Agriculturists and pastoralists have inhabited the southern edge of the arid Syrian Steppe since 6000 B . C . (Fagan 1986, 234). By about 850 B . C ., a complex of oasis settlements and pastoral camps was established by a people known as "Aʿraab." These Semitic speakers were the latest in a succession of farming and stock-breeding societies. They were distinguished from their Assyrian neighbors to the north, however, by their Arabic language and by their use of domesticated camels for trade and warfare. These Aʿraab were the cultural forerunners of the modern-day Arabs. They carried out a caravan trade with their camels between southern Arabia and the large city-states of Syria. By the first century B . C ., they had moved westward into Jordan and the Sinai Peninsula and southwestward along the coast of the Red Sea. The creation of a powerful Islamic state in western Arabia in the middle of the seventh century A . D . gave a dramatic impetus to Arab expansion. Thousands of Arab Muslims—many of them Bedouin—left the Arabian Peninsula to settle in the newly conquered lands around it. As a result, the bedu/hadar distinction was reproduced in those Arabized territories where such a regional division of labor was ecologically and geographically practicable.
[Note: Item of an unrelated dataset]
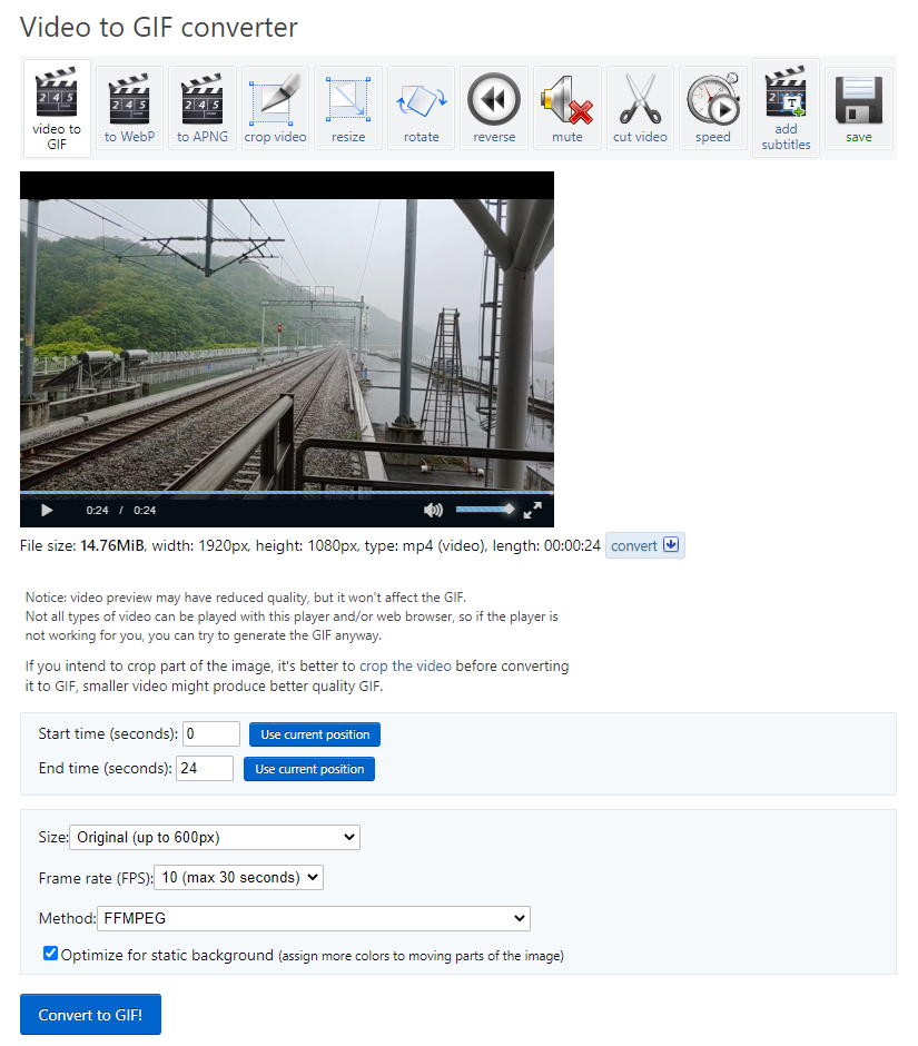 🔻 변환할 시간 지정을 마치면 Convert to GIF를 눌러서 변환합니다. 제가 올린건 동영상 14.8메가 영상이 gif로는 31.7메가로 변환이 되었네요. 10메가 넘지 않게 하려면 해상도를 낮추거나 자르기 등을 해도 됩니다. 이번 포스팅에서는 10메가 넘는 것 올리기 편이니 30메가짜리 파일을 그대로 쓰겠습니다.

Bedouin societies are always linked to other nonpastoral societies by economic, social, and political relations. In the local context, a "Bedouin" is a regional specialist in livestock breeding whose closest social and political ties are with his pastoral kinsmen. The sedentary Arab, by contrast, places less emphasis on relations with genealogically distant kin. During periods when premodern states were weak and large-scale irrigated agriculture declined, some settled cultivators increased their reliance on breeding of small stock and moved into Bedouin social circles. In modern times, strong centralized authority and the monetarization of the rural economy have prompted some Bedouin to seek wage labor in cities and become sedentary. Regardless of their occupation and residence patterns, however, they remain culturally Bedouin as long as they maintain close social ties with pastoralist kin and retain the local linguistic and cultural markers that identify them as Bedouin.